20. The surgical instrument (1) according to claim 19, characterized in that the cap (48) includes a plurality of distal bearing surfaces (17) positioned across and similarly shaped to a plurality of primary bearing surfaces (24) arranged along an integral flange (26) disposed along the spring housing assembly (20) and angled toward the distal end (16).

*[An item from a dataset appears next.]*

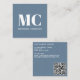 Modern Monogram Initials QR Code Dusty Blue Grey Square Business Card
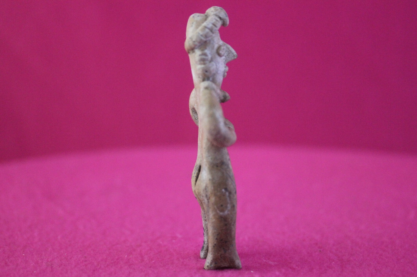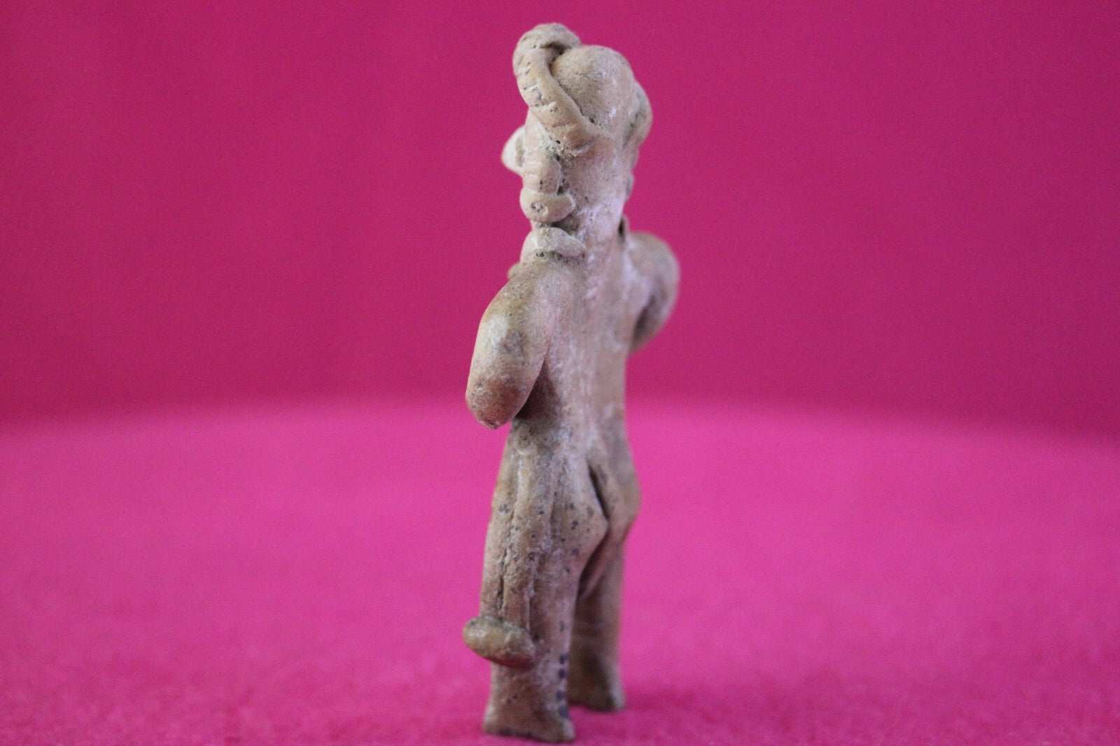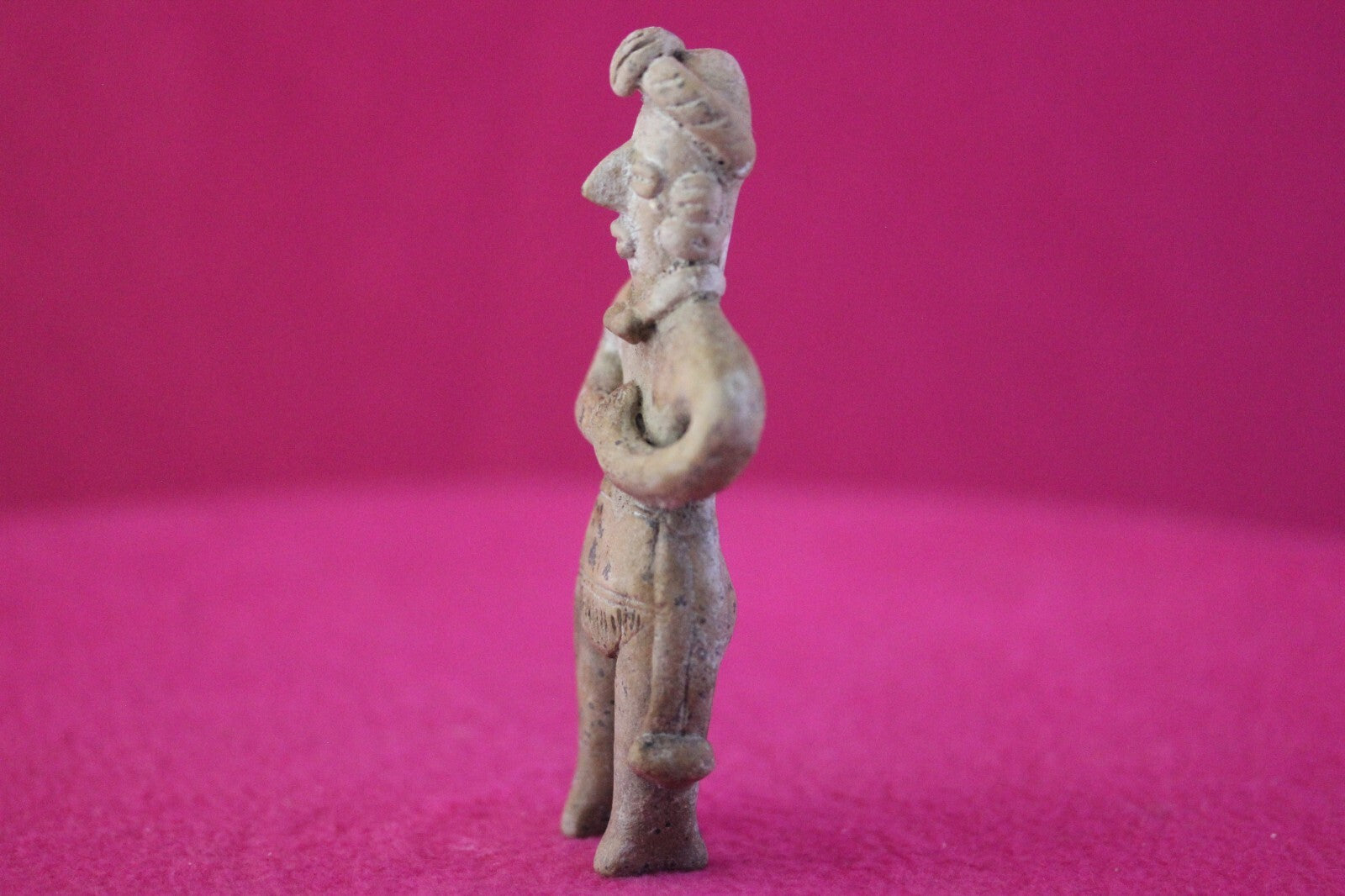 Dimensions: 4 ½ inches tall, 1 ½ inches wide, weighs 64 grams.Description: Tomb figure wearing an elaborate head wrap, necklace, and large ear spools, and a loin cloth. No repairs or restorations. Intact. Overall outstanding condition.Manganese Dioxide Reactivity Test Results: A solution of laboratory grade 40% hydrogen peroxide was applied to multiple manganese blooms that resulted in a strong chemical reaction indicating approximately 2000 years of underground burial.

21. The surgical instrument (1) according to claim 20, characterized in that the plurality of distal bearing surfaces (17) and the plurality of primary bearing surfaces (24) provide a plurality of rails for the plurality of balls (52) to be positioned and engage there with.

22. The surgical instrument (1) according to claim 21, characterized in that a cap bushing (46) is provided that interference fits within an end of the outer tube (44).

23. The surgical instrument (1) according to claim 22, characterized in that the inner tube (42) fits tightly within the cap bushing (46) to secure both the inner and outer tube (44) together.

24. The surgical instrument (1) according to claim 1, characterized in that the operative tool (60) includes a rod (62) having a tool (64) integrally formed on a distal end (16) of the operative tool (60).

25. The surgical instrument (1) according to claim 24, characterized in that the tool (64) is a set opposing jaws designed to open and close upon actuation.

26. The surgical instrument (1) according to claim 25, characterized in that the rod (62) slides within an inner tube (42) of the distal assembly (40).

27. The surgical instrument (1) according to claim 1, characterized in that an optional handle extension (70) is provided.

28. The surgical instrument (1) according to claim 27, characterized in that the handle (10) includes a threaded opening (13) that receives a distal end (16) of the optional handle extension (70) to form a snap fit between the handle (10) and the optional handle extension (70).